Goal of the exercise: Quote the data exactly, first line to the line containing "Non ne può più", with no pictures.

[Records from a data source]
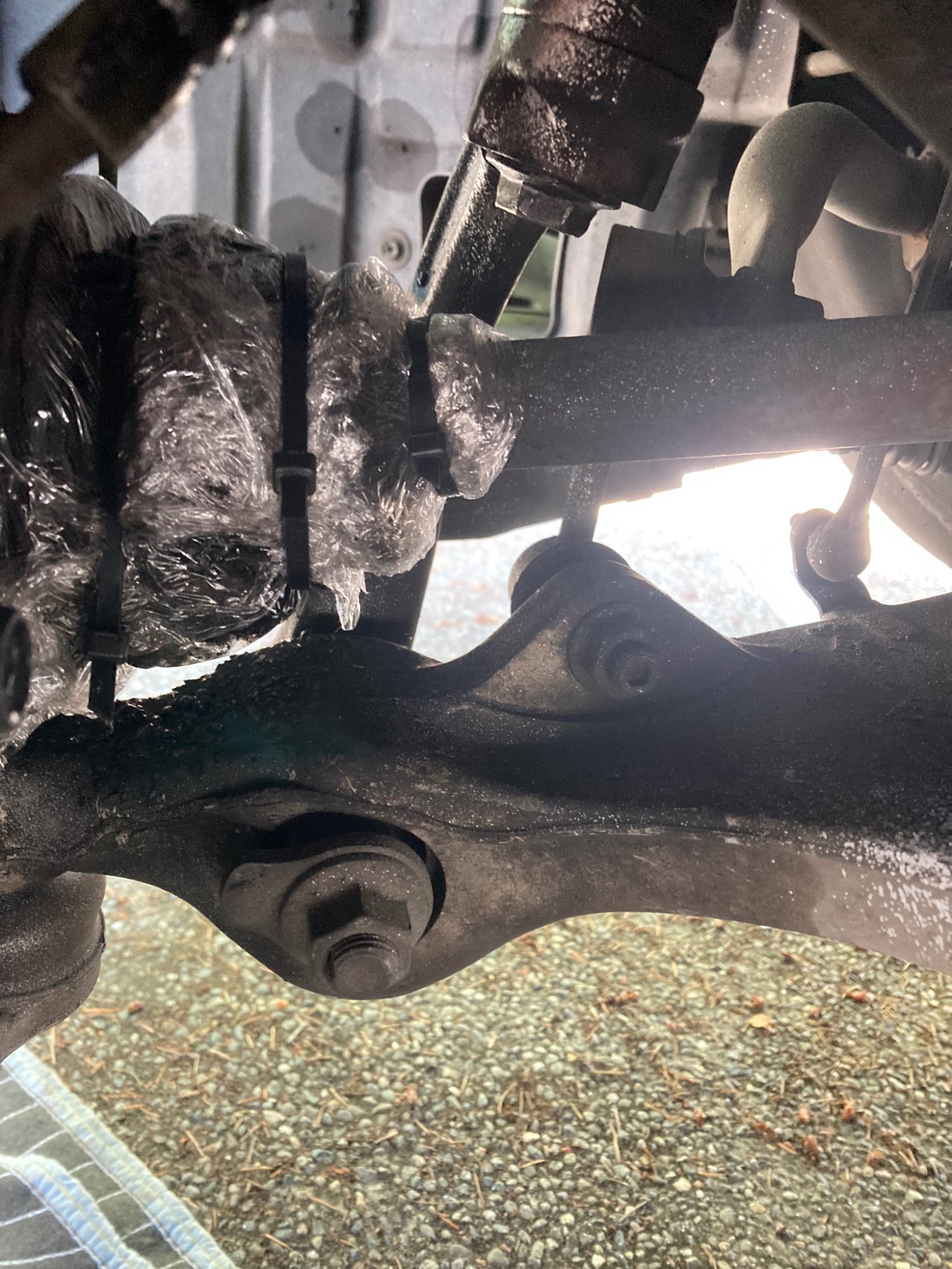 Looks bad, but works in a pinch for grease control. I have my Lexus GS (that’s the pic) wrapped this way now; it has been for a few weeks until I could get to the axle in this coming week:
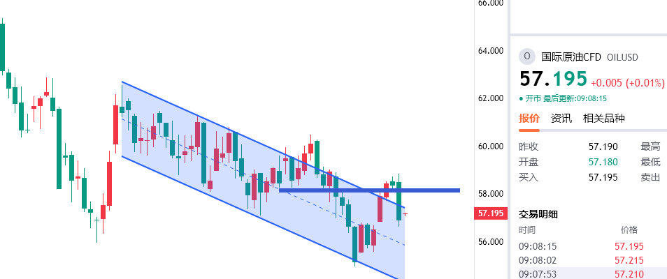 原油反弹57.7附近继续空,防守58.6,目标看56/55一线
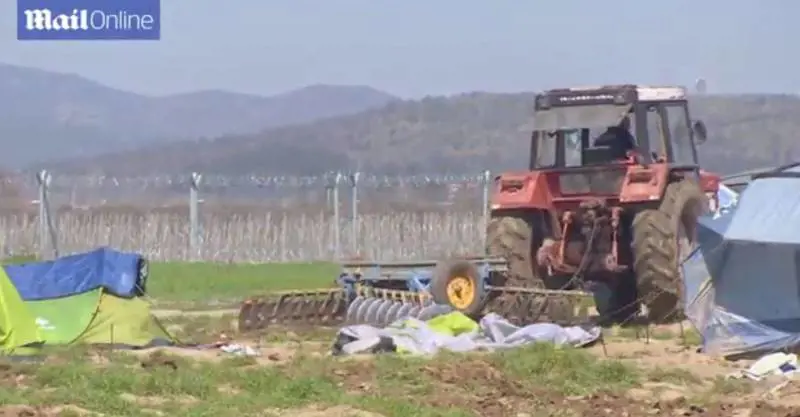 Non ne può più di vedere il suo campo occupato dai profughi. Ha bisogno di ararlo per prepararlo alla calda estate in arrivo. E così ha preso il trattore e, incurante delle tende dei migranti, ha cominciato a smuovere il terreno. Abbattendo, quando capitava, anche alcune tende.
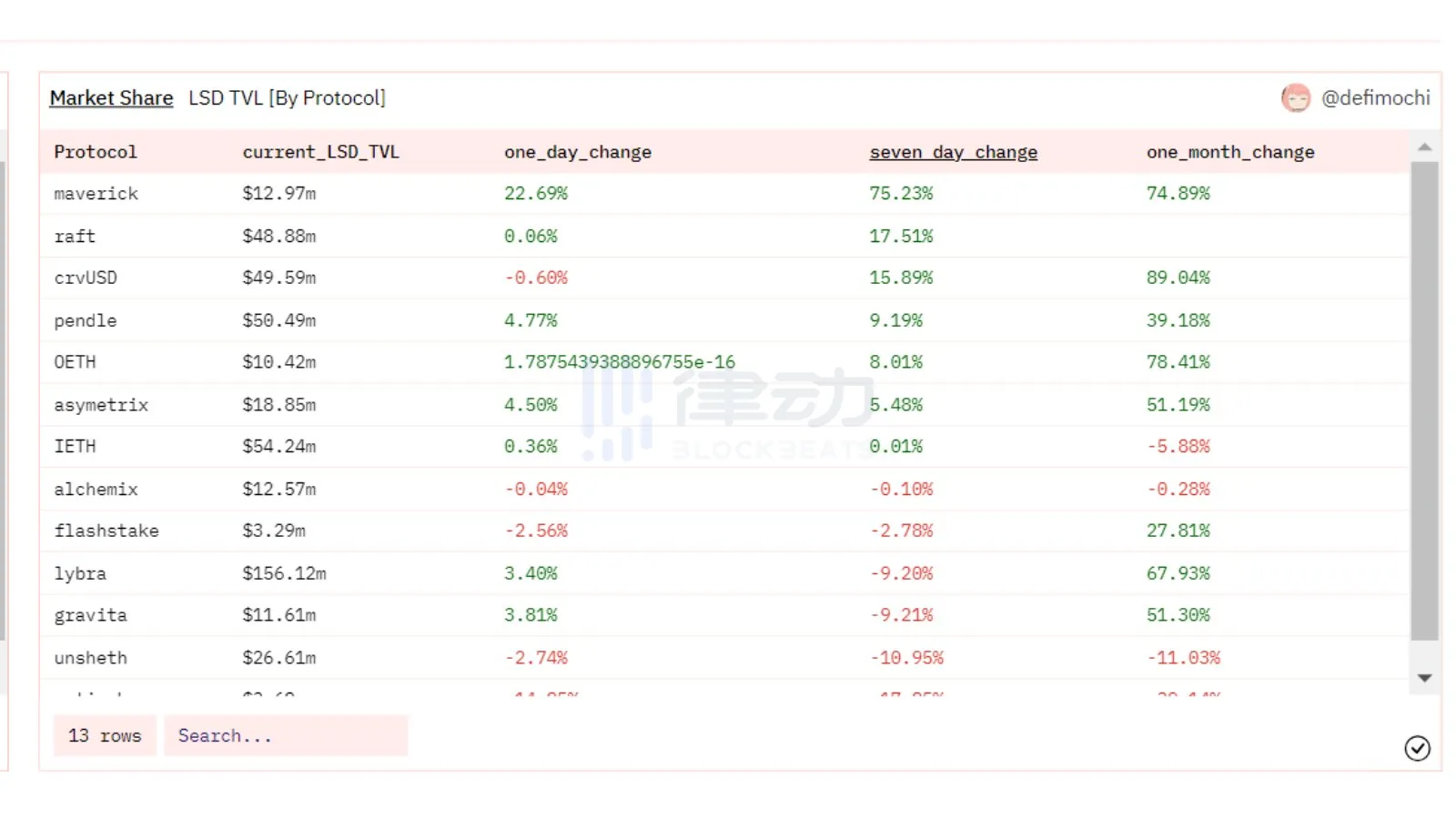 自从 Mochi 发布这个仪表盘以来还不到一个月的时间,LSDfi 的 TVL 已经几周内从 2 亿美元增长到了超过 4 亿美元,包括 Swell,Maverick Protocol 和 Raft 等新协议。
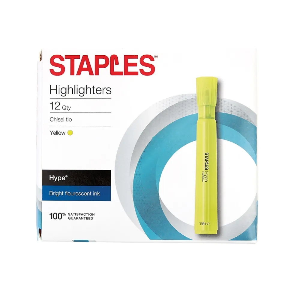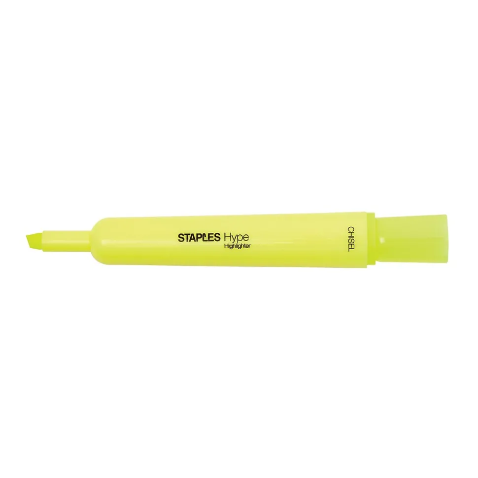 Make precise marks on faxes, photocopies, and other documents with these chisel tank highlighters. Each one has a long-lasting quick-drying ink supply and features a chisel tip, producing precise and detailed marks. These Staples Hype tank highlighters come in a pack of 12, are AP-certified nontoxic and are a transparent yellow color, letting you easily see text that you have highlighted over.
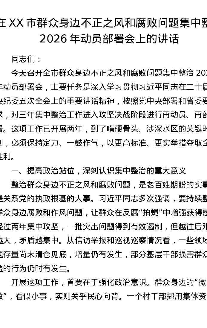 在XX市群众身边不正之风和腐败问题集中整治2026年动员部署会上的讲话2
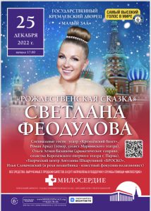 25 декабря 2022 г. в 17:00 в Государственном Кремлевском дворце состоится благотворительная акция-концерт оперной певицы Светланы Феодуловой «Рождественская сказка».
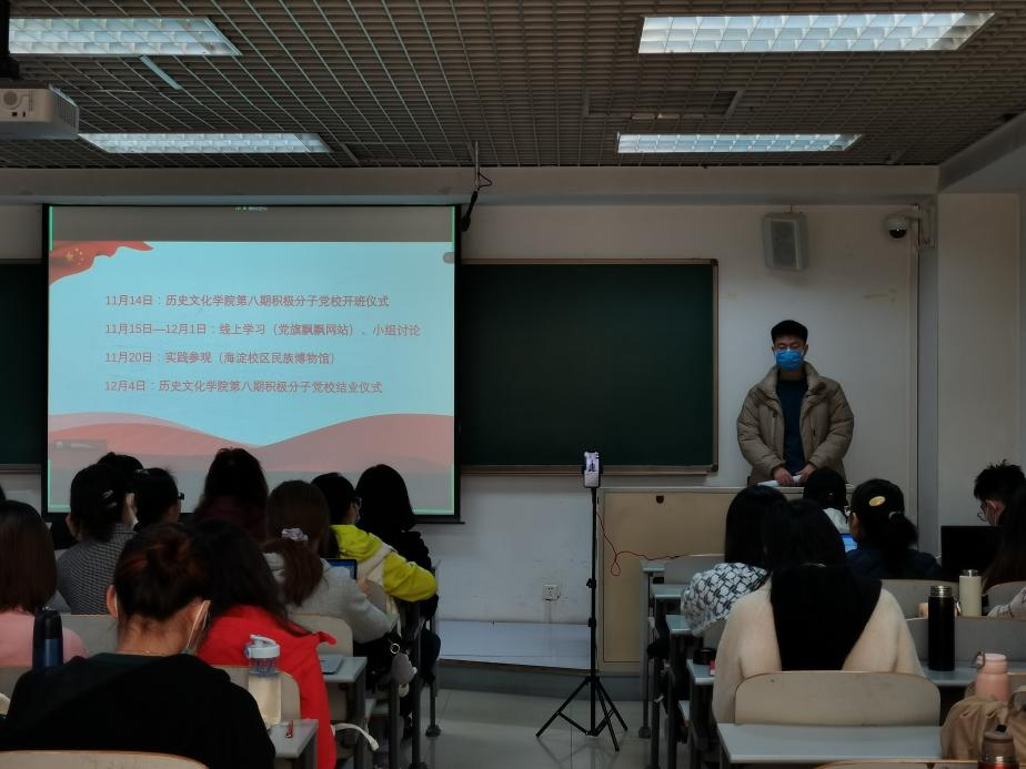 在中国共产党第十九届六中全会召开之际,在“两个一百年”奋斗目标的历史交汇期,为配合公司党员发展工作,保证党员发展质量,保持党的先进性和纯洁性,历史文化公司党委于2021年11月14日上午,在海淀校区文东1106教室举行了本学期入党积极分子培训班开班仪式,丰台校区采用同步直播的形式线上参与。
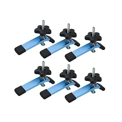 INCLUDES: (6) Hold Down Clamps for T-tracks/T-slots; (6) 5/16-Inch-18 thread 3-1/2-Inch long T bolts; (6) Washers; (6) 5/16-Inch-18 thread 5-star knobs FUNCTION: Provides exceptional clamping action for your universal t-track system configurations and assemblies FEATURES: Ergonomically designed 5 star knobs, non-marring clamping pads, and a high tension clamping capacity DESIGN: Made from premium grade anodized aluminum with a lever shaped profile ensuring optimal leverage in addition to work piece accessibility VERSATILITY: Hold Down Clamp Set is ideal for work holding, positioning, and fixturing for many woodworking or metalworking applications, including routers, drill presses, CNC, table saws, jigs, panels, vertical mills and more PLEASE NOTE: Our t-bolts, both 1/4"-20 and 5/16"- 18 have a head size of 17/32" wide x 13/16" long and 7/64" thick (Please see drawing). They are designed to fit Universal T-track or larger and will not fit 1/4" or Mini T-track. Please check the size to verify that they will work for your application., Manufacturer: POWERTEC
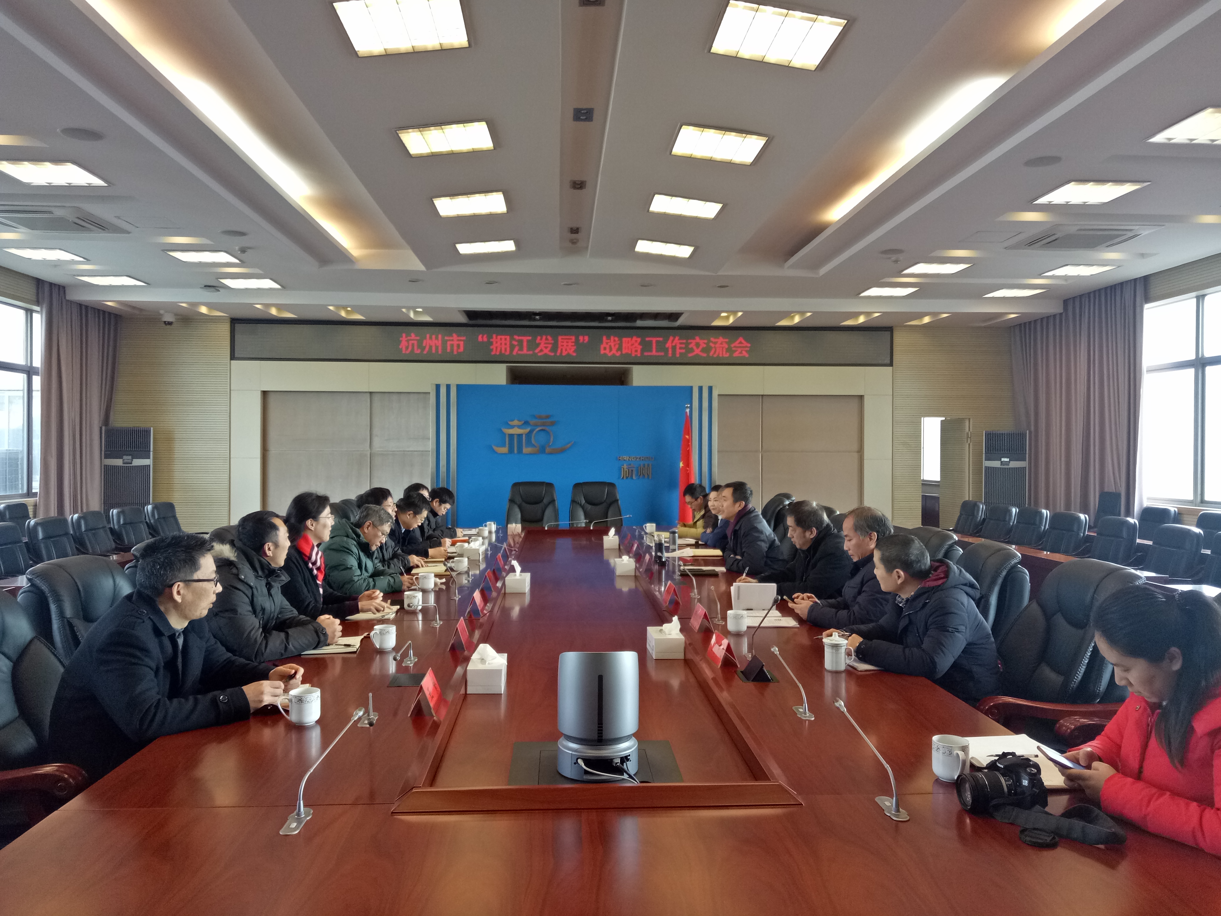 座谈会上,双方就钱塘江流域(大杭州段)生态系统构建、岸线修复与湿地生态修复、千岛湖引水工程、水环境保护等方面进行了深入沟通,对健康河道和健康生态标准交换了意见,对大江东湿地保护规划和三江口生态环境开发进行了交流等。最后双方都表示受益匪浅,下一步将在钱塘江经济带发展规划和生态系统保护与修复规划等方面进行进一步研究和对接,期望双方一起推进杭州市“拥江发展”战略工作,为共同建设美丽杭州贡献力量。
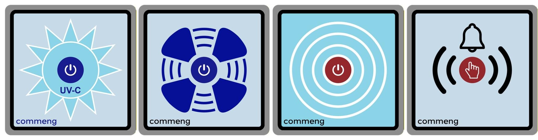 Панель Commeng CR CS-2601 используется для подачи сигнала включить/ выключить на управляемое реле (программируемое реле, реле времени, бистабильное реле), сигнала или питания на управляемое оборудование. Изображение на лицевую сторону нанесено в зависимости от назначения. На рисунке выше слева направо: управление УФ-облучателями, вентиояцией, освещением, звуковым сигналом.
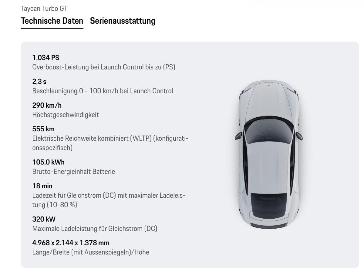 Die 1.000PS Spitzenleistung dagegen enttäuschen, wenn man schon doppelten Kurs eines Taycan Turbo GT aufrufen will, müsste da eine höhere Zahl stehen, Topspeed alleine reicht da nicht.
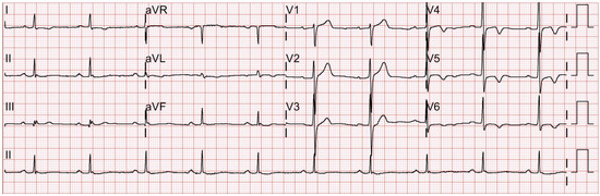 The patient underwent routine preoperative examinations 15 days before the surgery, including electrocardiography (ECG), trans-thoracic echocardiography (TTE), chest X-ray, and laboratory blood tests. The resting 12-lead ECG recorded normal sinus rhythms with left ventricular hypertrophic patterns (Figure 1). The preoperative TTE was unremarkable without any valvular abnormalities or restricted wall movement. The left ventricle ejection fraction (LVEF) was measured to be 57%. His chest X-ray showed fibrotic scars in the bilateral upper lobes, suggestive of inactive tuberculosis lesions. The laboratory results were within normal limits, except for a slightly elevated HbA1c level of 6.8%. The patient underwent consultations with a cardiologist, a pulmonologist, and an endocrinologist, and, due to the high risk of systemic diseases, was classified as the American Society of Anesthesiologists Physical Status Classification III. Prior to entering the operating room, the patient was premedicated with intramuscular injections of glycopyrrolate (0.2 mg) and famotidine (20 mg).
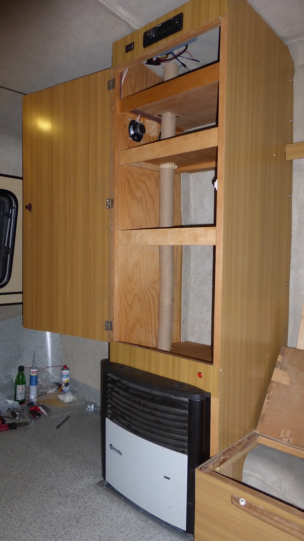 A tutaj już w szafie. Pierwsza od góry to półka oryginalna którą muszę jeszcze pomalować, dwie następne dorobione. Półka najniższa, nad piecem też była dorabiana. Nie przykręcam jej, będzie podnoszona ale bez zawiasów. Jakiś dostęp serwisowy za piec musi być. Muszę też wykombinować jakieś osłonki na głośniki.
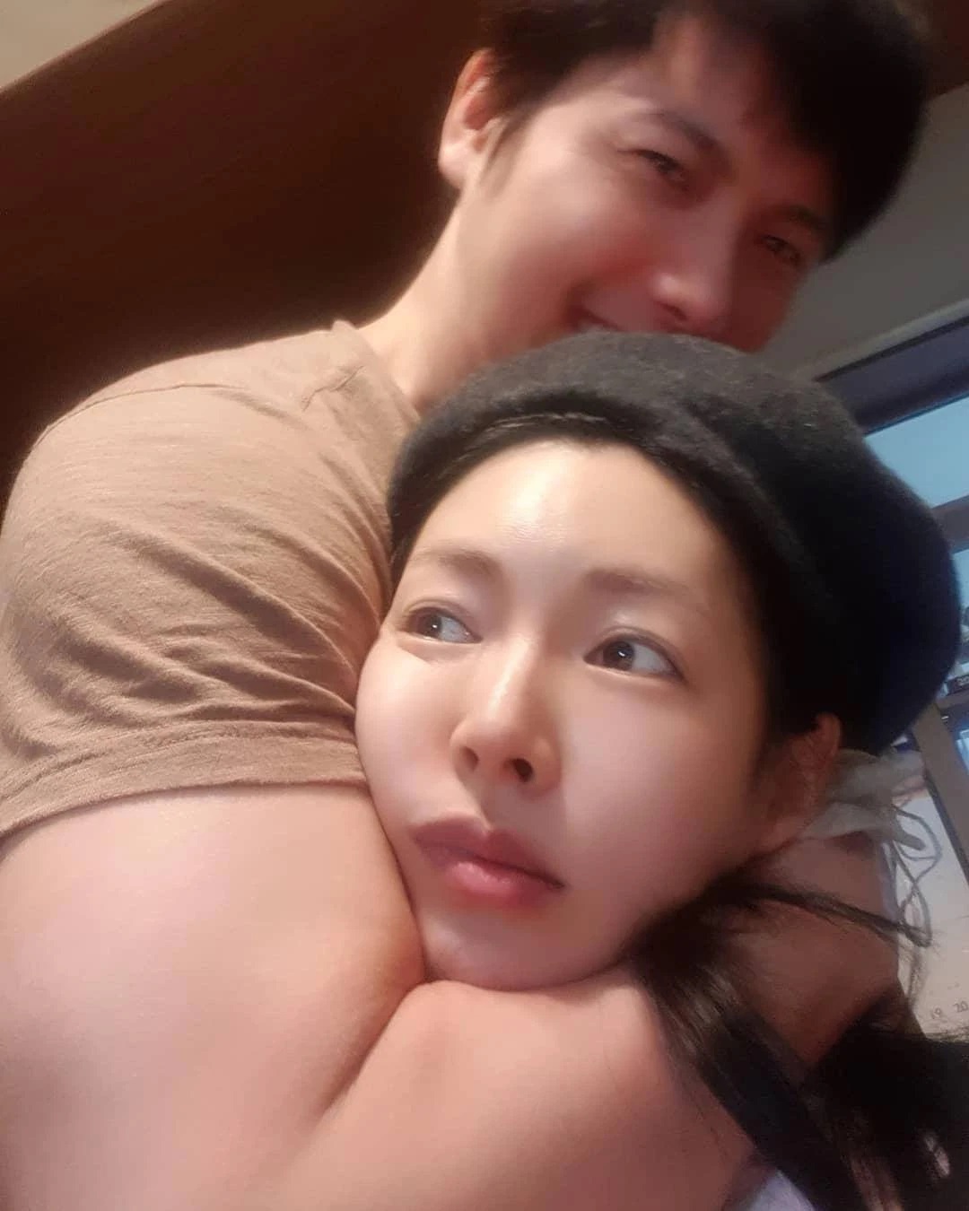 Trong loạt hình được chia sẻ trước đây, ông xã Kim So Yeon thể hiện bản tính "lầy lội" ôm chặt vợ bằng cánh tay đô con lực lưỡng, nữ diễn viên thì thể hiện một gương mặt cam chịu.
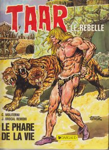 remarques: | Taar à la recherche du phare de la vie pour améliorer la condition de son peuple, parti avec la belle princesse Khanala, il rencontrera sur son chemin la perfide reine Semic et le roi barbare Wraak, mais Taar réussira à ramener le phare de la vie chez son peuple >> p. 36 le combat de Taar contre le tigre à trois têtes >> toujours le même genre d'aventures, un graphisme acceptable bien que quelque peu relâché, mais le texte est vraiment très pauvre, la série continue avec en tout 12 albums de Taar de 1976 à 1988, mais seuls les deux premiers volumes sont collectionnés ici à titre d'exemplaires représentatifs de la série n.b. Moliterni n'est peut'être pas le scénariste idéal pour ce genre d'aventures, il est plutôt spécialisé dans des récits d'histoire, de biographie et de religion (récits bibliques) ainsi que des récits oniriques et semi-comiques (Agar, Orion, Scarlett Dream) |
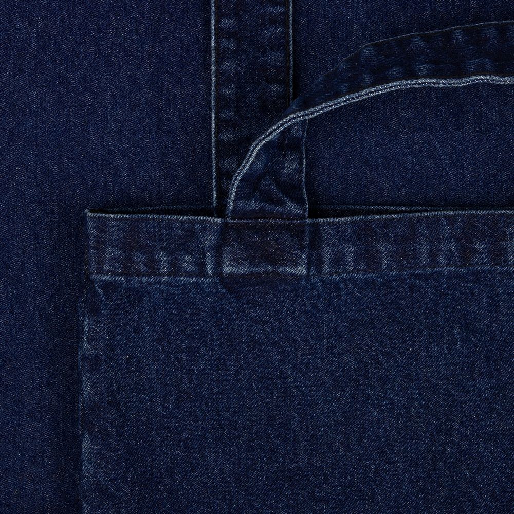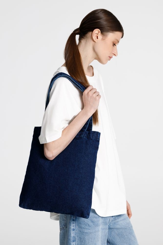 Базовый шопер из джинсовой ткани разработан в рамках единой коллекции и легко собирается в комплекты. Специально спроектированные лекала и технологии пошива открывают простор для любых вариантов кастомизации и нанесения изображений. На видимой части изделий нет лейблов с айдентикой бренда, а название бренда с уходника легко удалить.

Written reply:
 Looks bad, but works in a pinch for grease control. I have my Lexus GS (that’s the pic) wrapped this way now; it has been for a few weeks until I could get to the axle in this coming week:
 原油反弹57.7附近继续空,防守58.6,目标看56/55一线
 Non ne può più di vedere il suo campo occupato dai profughi. Ha bisogno di ararlo per prepararlo alla calda estate in arrivo. E così ha preso il trattore e, incurante delle tende dei migranti, ha cominciato a smuovere il terreno. Abbattendo, quando capitava, anche alcune tende.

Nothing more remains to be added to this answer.